These are the last two short books in Lynne Cantwell’s series about gods and mortals which began with the five part Pipewoman Chronicles, continued with the three books of the Crosswind series and concluded with the four part Pipewoman Legacy. These are the final two stories of the Pipewoman Legacy series. I kept them (for so long I forgot about them!) to read as a treat. But now I’ve come across them and devoured them. And they completely lived up to expectations.
I really hope that Cantwell will come up with another series of ‘woo-woo’ books for her fans of these three series. They utilise a broad spectrum of pantheons from which she chooses deities to pair with human protagonists who may also have other abilities, such as shape-shifting, far-speaking and far-seeing. The results are luscious, sometimes explosive, always intriguing.
I am particularly fond of the Native American deities to which I’ve been introduced through these little books (be they real or from Cantwell’s fertile imagination). I am content to let the Curtis family rest in peace (they’ve certainly earned it!). But, could there more stories about White Buffalo Calf Pipewoman, Nanabush and the rest, from further back in time, when the gods were stronger, perhaps …
Anyhow, whatever is to come, let it come: what has been written has been written.
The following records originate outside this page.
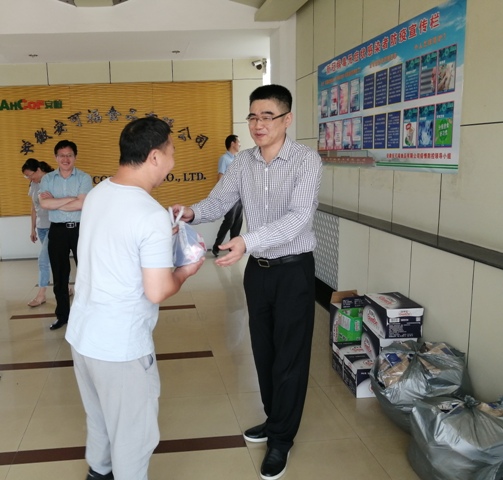 8月12日上午,安糧集團(tuán)副總裁、安糧實(shí)業(yè)董事長吳國杰,赴安可福食品有限公司開展調(diào)研工作并代表安糧集團(tuán)工會(huì)向一線人員工發(fā)放了礦泉水、仁丹、毛巾等防暑降溫用品,慰問奮戰(zhàn)在高溫生產(chǎn)一線的員工,叮囑大家在疫情期間尤其要注意做好防暑降溫,把身體健康放在第一位。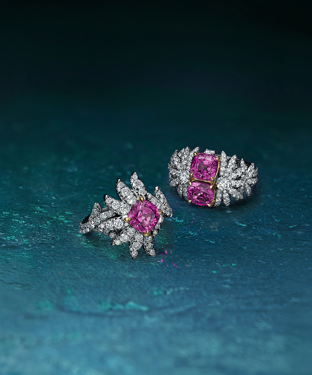 Marguerite diễn giải hoa cúc với hai phong cách: Một sử dụng sapphire hồng không xử lý, mang vẻ mềm mại rực rỡ; một sử dụng kim cương emerald-cut, phá vỡ cấu trúc truyền thống thông qua khoảng không âm đầy táo bạo.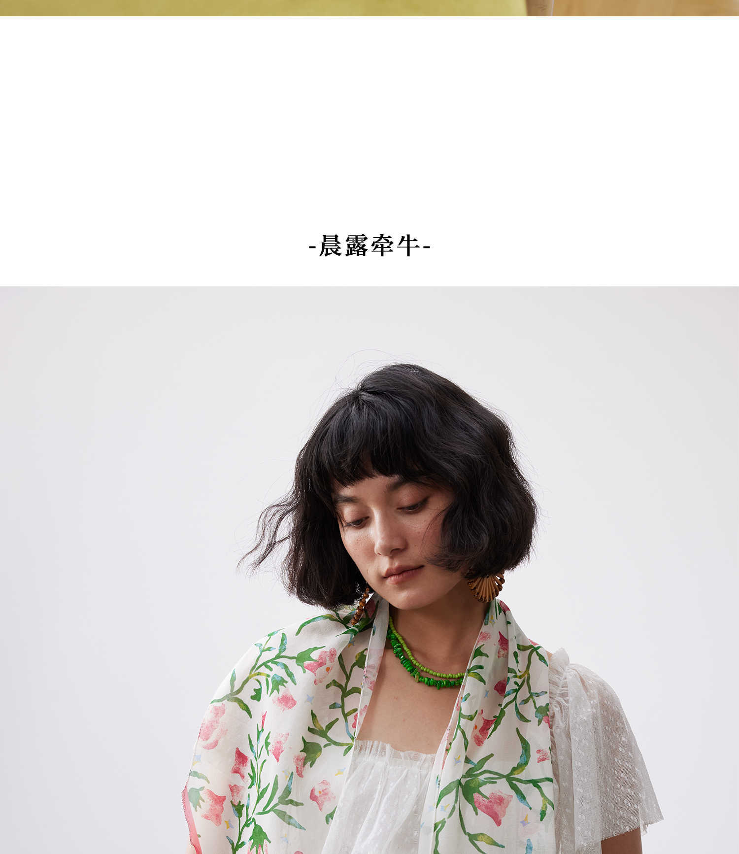 「晨露牵牛」100%乔其真丝长款围巾薄款桑蚕丝丝巾女氛围感长条巾 商品图1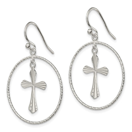 Sterling Silver Polished Diamond-cut Cross Dangle in Ring Earrings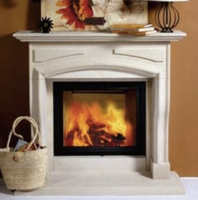 Manttelitakka hissiluukullisella takkasydämellä. Takka on suoran seinän malli. Takkaan valittavissa eri kivilajeja. Takassa Schmid Lina 7363 h takkasydän.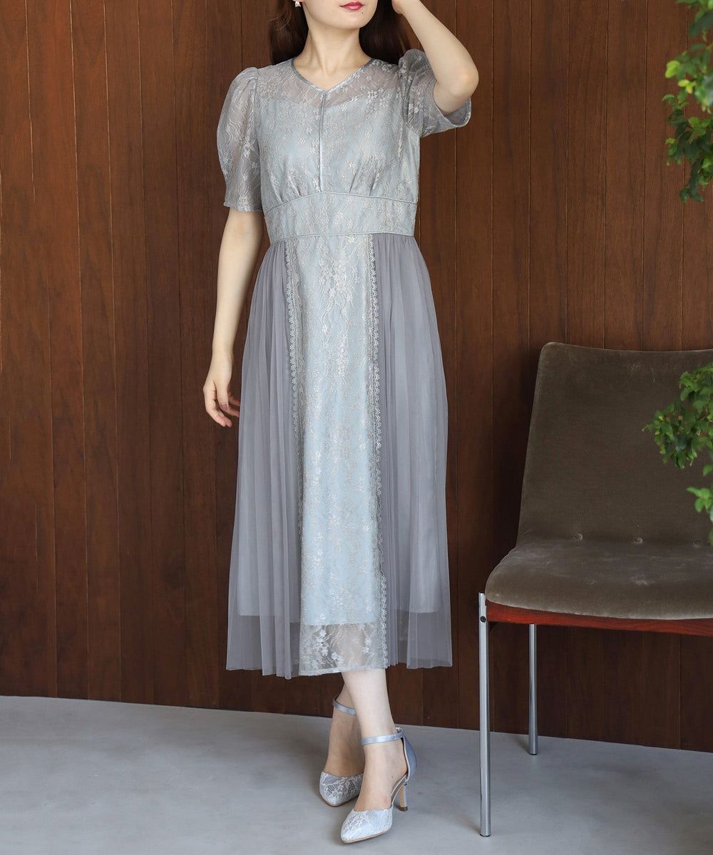 プリーツ×レースドレス
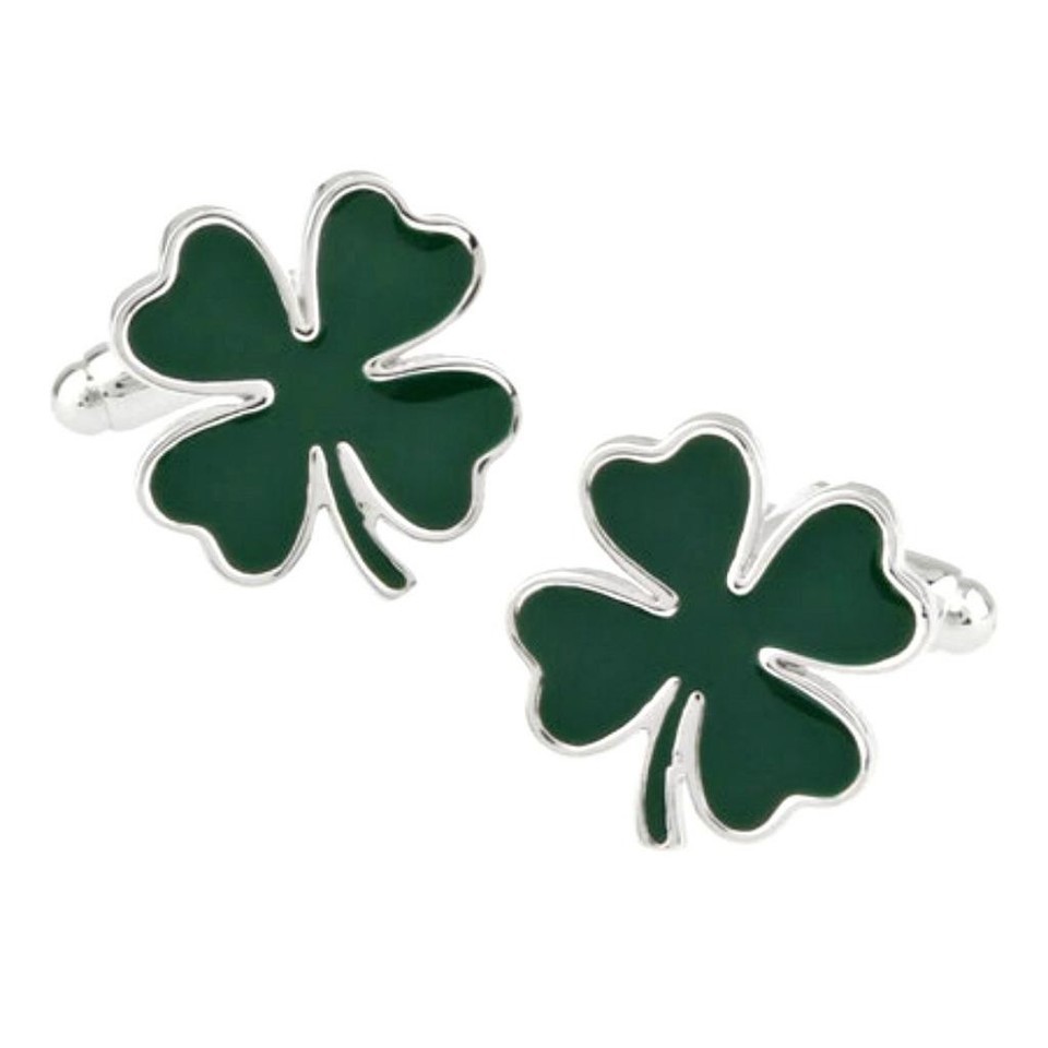 - FOUR LEAF CLOVER CUFFLINKS Green Irish Shamrock NEW Good Luck St Patrick's Day

And very well written it has been. Those who are up to speed on these three series will recall that Naomi Witherspoon negotiated a truce between all the gods and all the humans which led to all kinds of benefits for mortals, including freedom from most diseases. But the truce was uneasy. Some gods would be happy to see it founder. And a trickster god is always happiest making mischief.
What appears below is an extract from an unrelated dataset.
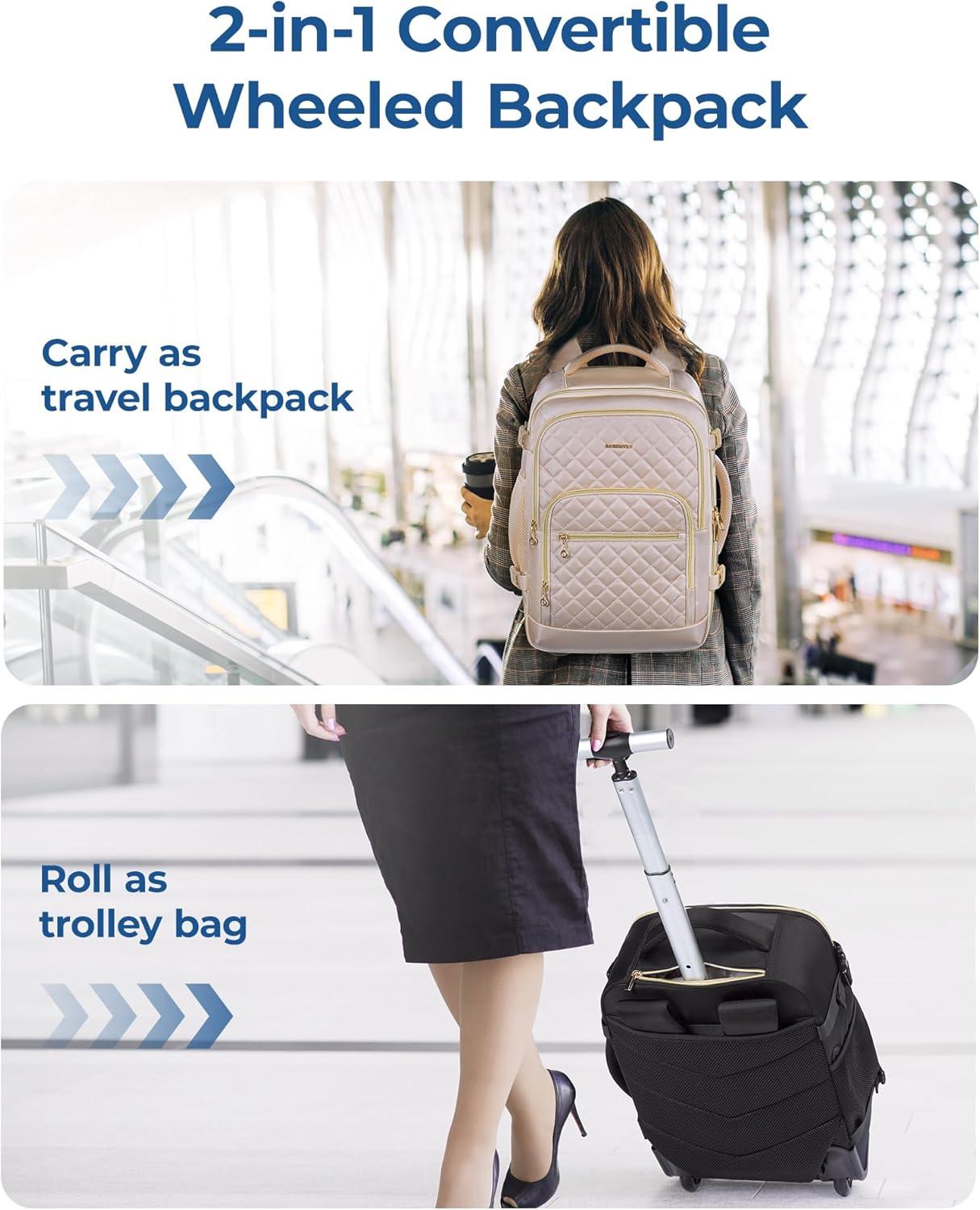 Travel-Friendly: As an airline-approved carry-on size, this rolling backpack for women can easily fit in the overhead compartment of airplanes with dimensions of 19.5 x 8.4 x 12.5 inches. It can unfold 180 degrees, making it convenient for security checks. With double zippers, your belongings are protected during travel.

A disease believed banished returns. And it strikes close to home. Rogue gods are on the loose again. The Curtis clan is in disarray. So it falls to far-seeing, web-weaving Webb Curtis to work out what is going on and do something to prevent Armageddon (no, really) if he can only remember what. He is stronger than he knows, however, and is helped when he least expects it by a little cucumber-loving turtle god.
If you’ve never tried these books and you like a bit of magic realism, are into godly pantheons, or simply enjoy a good adventure then you will enjoy these books.
My only gripe with them is the shortness of the novellas of which they are composed.